DATA EXCERPTS below:

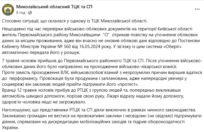 Сообщается, что мужчина утром 12 мая предварительно вызвал бригаду "скорой", пришел в районный ТЦК с "группой людей" и там порезал себе руку. в пресс-службе ведомства утверждают, что медики сразу оказали военнообязанному помощь и угрозы его здоровью не было. В областном ТЦК заявили, что военнослужащие районного территориального центра действовали в рамках действующего законодательства, и призвали "не вестись на провокационные призывы", которые дискредитируют мобилизацию в Украине и подрывают обороноспособность.
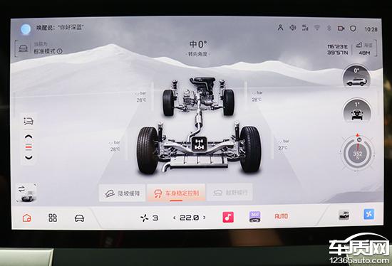 2024 款深蓝 G318 汽车系统的主页是与越野相关的车辆设置,相当“硬核”。屏幕底部的快捷栏相当好用,应用页面设计传统,图标和字体尺寸适中,观感好。
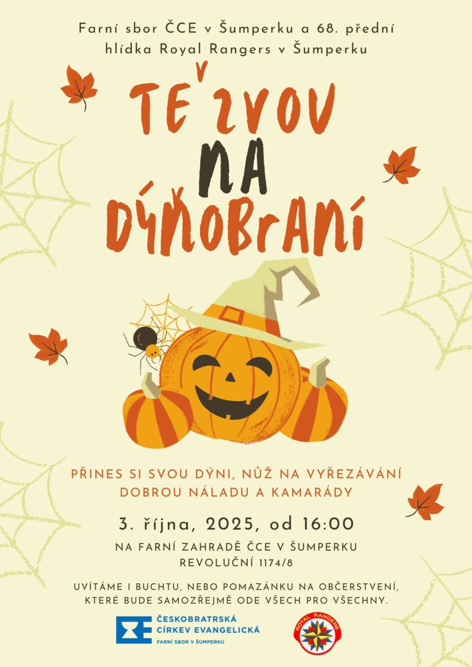 I tento rok se s vámi uvidíme na naší farní zahradě. Nelekněte se ani případného zhoršení počasí, na zahradě máme opravdu velký party stan, ve kterém se dýňová chirurgie dá taky prováďet.
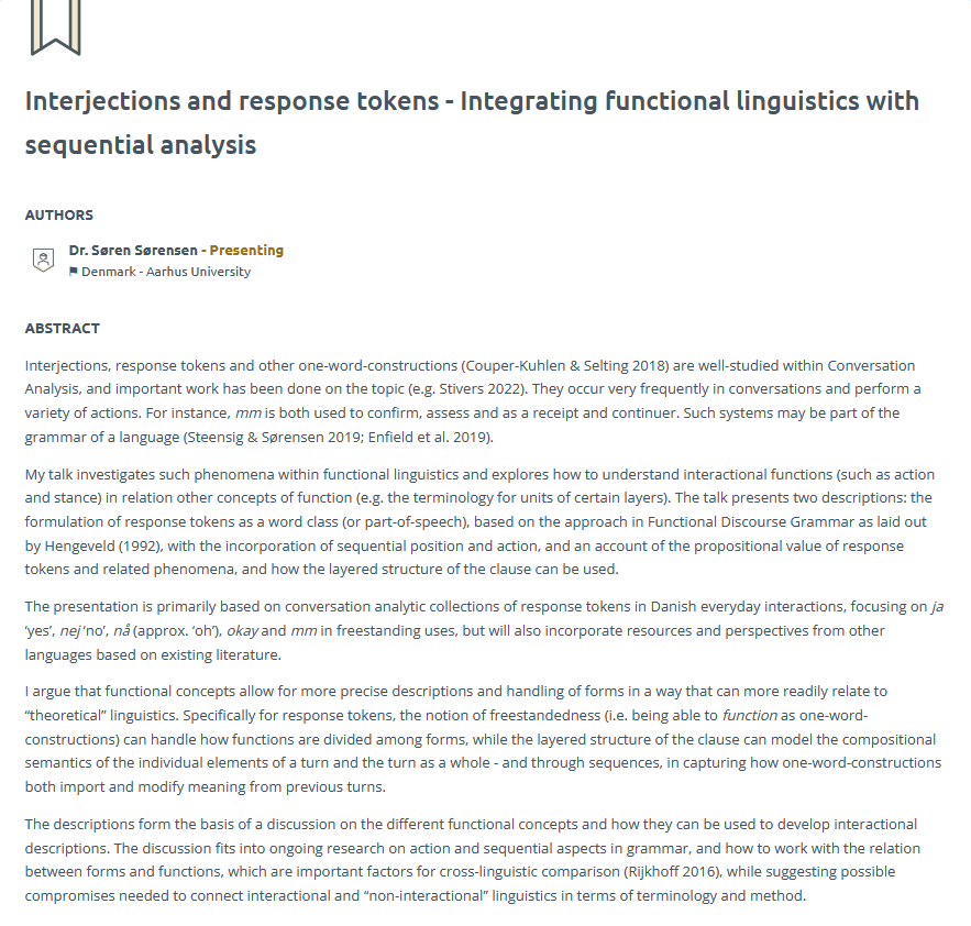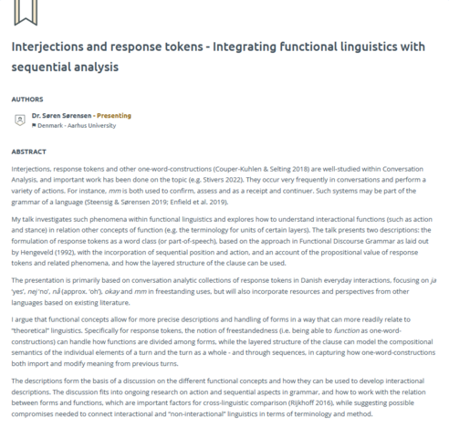 Abstracts for the International Pragmatics conference are out! My talk is on at Tuesday July 11th 10:30 - as part of the panel "Integration of conversation analytic and other linguistic methods ". Who is ready? #IPrA
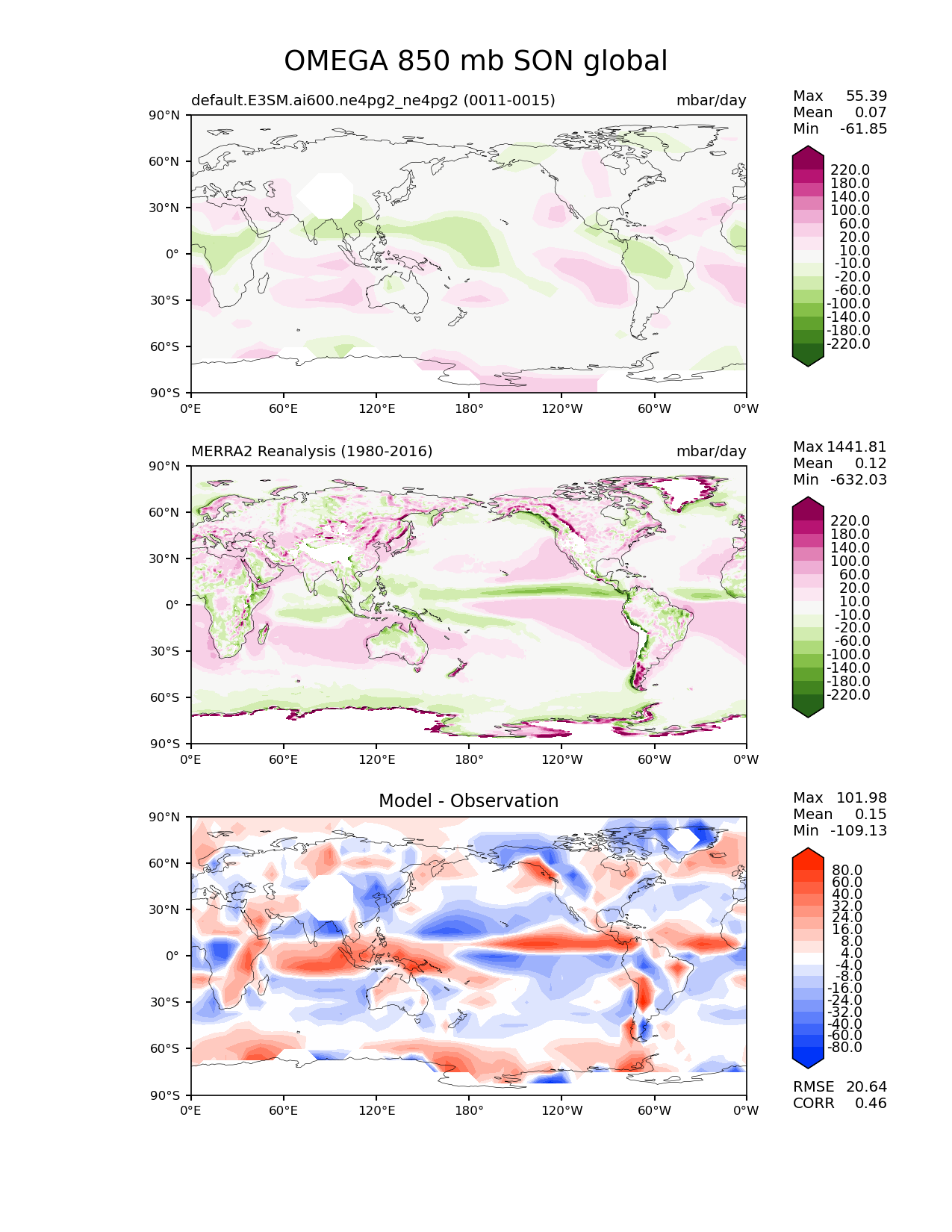 Use this command to recreate this image: | e3sm_diags lat_lon --no_viewer --case_id 'MERRA2' --sets 'lat_lon' --run_type 'model_vs_obs' --variables 'OMEGA' --seasons 'SON' --regions 'global' --regrid_tool 'esmf' --regrid_method 'conservative' --plevs '850.0' --main_title 'OMEGA 850 mb SON global' --backend 'mpl' --output_format 'png' --canvas_size_w '1212' --canvas_size_h '1628' --figsize '8.5' '11.0' --dpi '150' --arrows --contour_levels '-220' '-180' '-140' '-100' '-60' '-20' '-10' '10' '20' '60' '100' '140' '180' '220' --test_name 'default.E3SM.ai600.ne4pg2_ne4pg2' --test_colormap 'PiYG_r' --ref_name 'MERRA2' --reference_name 'MERRA2 Reanalysis' --reference_colormap 'PiYG_r' --diff_title 'Model - Observation' --diff_colormap 'diverging_bwr.rgb' --diff_levels '-80' '-60' '-40' '-32' '-24' '-16' '-8' '-4' '4' '8' '16' '24' '32' '40' '60' '80' --multiprocessing --num_workers '32' --granulate 'variables' 'seasons' 'plevs' 'regions' --selectors 'sets' 'seasons' --reference_data_path '/global/cfs/cdirs/e3sm/acme_diags/obs_for_e3sm_diags/climatology/' --test_data_path '/global/cfs/cdirs/e3sm/emulate/postproc_e3sm/slice/default.E3SM.ai600.ne4pg2_ne4pg2' --results_dir '/global/cfs/cdirs/e3sm/www/wagmanbe/slice/default.E3SM.ai600.ne4pg2_ne4pg2' |

End of DATA EXCERPTS.

• _WHAT IS REQUIRED_
Would you write out all of the data exactly as it stands, without the pictures?

• _EXERCISE ANSWER_
 Сообщается, что мужчина утром 12 мая предварительно вызвал бригаду "скорой", пришел в районный ТЦК с "группой людей" и там порезал себе руку. в пресс-службе ведомства утверждают, что медики сразу оказали военнообязанному помощь и угрозы его здоровью не было. В областном ТЦК заявили, что военнослужащие районного территориального центра действовали в рамках действующего законодательства, и призвали "не вестись на провокационные призывы", которые дискредитируют мобилизацию в Украине и подрывают обороноспособность.
 2024 款深蓝 G318 汽车系统的主页是与越野相关的车辆设置,相当“硬核”。屏幕底部的快捷栏相当好用,应用页面设计传统,图标和字体尺寸适中,观感好。
 I tento rok se s vámi uvidíme na naší farní zahradě. Nelekněte se ani případného zhoršení počasí, na zahradě máme opravdu velký party stan, ve kterém se dýňová chirurgie dá taky prováďet.
 Abstracts for the International Pragmatics conference are out! My talk is on at Tuesday July 11th 10:30 - as part of the panel "Integration of conversation analytic and other linguistic methods ". Who is ready? #IPrA
 Use this command to recreate this image: | e3sm_diags lat_lon --no_viewer --case_id 'MERRA2' --sets 'lat_lon' --run_type 'model_vs_obs' --variables 'OMEGA' --seasons 'SON' --regions 'global' --regrid_tool 'esmf' --regrid_method 'conservative' --plevs '850.0' --main_title 'OMEGA 850 mb SON global' --backend 'mpl' --output_format 'png' --canvas_size_w '1212' --canvas_size_h '1628' --figsize '8.5' '11.0' --dpi '150' --arrows --contour_levels '-220' '-180' '-140' '-100' '-60' '-20' '-10' '10' '20' '60' '100' '140' '180' '220' --test_name 'default.E3SM.ai600.ne4pg2_ne4pg2' --test_colormap 'PiYG_r' --ref_name 'MERRA2' --reference_name 'MERRA2 Reanalysis' --reference_colormap 'PiYG_r' --diff_title 'Model - Observation' --diff_colormap 'diverging_bwr.rgb' --diff_levels '-80' '-60' '-40' '-32' '-24' '-16' '-8' '-4' '4' '8' '16' '24' '32' '40' '60' '80' --multiprocessing --num_workers '32' --granulate 'variables' 'seasons' 'plevs' 'regions' --selectors 'sets' 'seasons' --reference_data_path '/global/cfs/cdirs/e3sm/acme_diags/obs_for_e3sm_diags/climatology/' --test_data_path '/global/cfs/cdirs/e3sm/emulate/postproc_e3sm/slice/default.E3SM.ai600.ne4pg2_ne4pg2' --results_dir '/global/cfs/cdirs/e3sm/www/wagmanbe/slice/default.E3SM.ai600.ne4pg2_ne4pg2' |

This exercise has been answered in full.